Will training AI to be more “African” undermine our literary ownership?

20 May, 2024

Man hand holding virtual world with internet connection for metaverse. Global business marketing and banking financial pass thru application technology concept.

By Seth Onyango, bird story agency

Recent pushback by Singaporean writers against state efforts to use their work for AI training, has cast the spotlight on a similar conundrum in Africa.

As efforts to imbue Large Language Models (LLMs) with a deeper understanding of African perspectives and narratives gain traction, the African literary community stands at a crossroads.
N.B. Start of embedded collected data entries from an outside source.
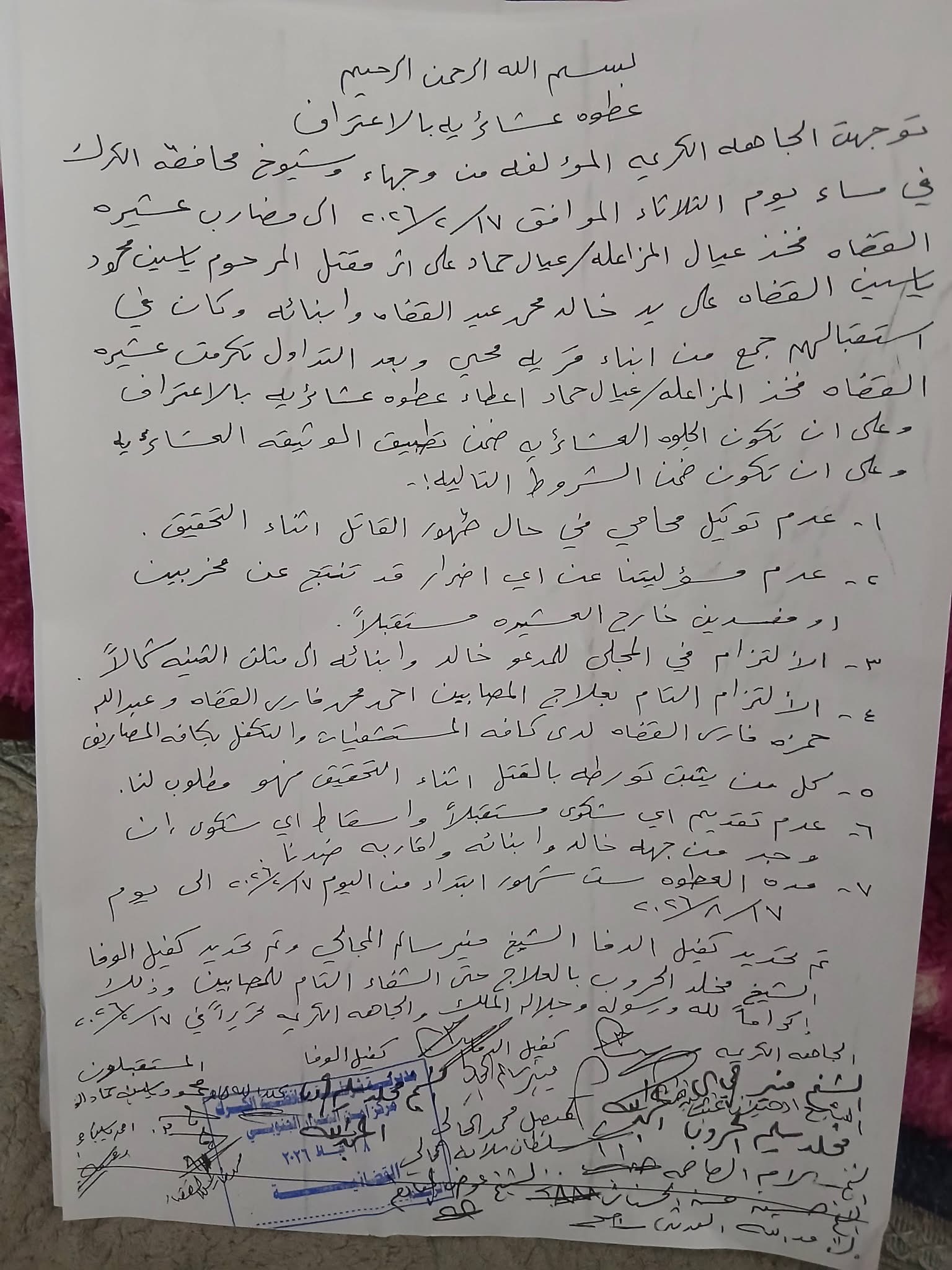 الكرك :- عطوة اعترف في المزار الجنوبي على إثر جريمة قتل الشاب القضاة
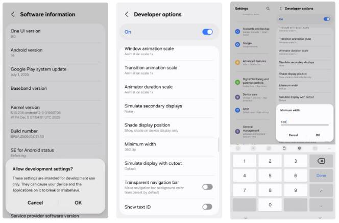 Sau khi bạn đã bật menu Developer Options trên điện thoại, hãy tìm tùy chọn Minimum width. Trên điện thoại, nó được đặt mặc định là 360, nhưng nó có thể khác nhau tùy thuộc vào kích thước và độ phân giải màn hình của bạn. Hãy nhớ ghi lại con số này. Bạn sẽ cần nó để chuyển về bố cục ban đầu.
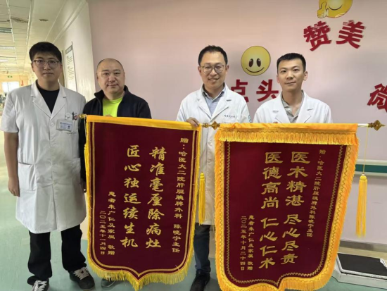 患者术后顺利出院,患者家属向陈晓宁教授团队赠送锦旗

Will they protect their intellectual property like their Singaporean counterparts, or seize the opportunity to influence the burgeoning field of AI? Is it possible to do both?

Africa boasts a vibrant literary tradition that has significantly influenced global literary circles.

Prominent African writers such as Chinua Achebe, Wole Soyinka, Chimamanda Ngozi Adichie, and Ngũgĩ wa Thiong’o have garnered international acclaim, contributing profoundly to world literature.

Their works offer rich, nuanced portrayals of African life, culture, and history, challenging stereotypes and broadening the global understanding of the continent.

This rich literary landscape presents a unique opportunity for Africa to shape the future of AI. By incorporating African narratives into LLMs, AI systems can become more inclusive and representative of the diverse human experience. However, this endeavour is not without its challenges and controversies.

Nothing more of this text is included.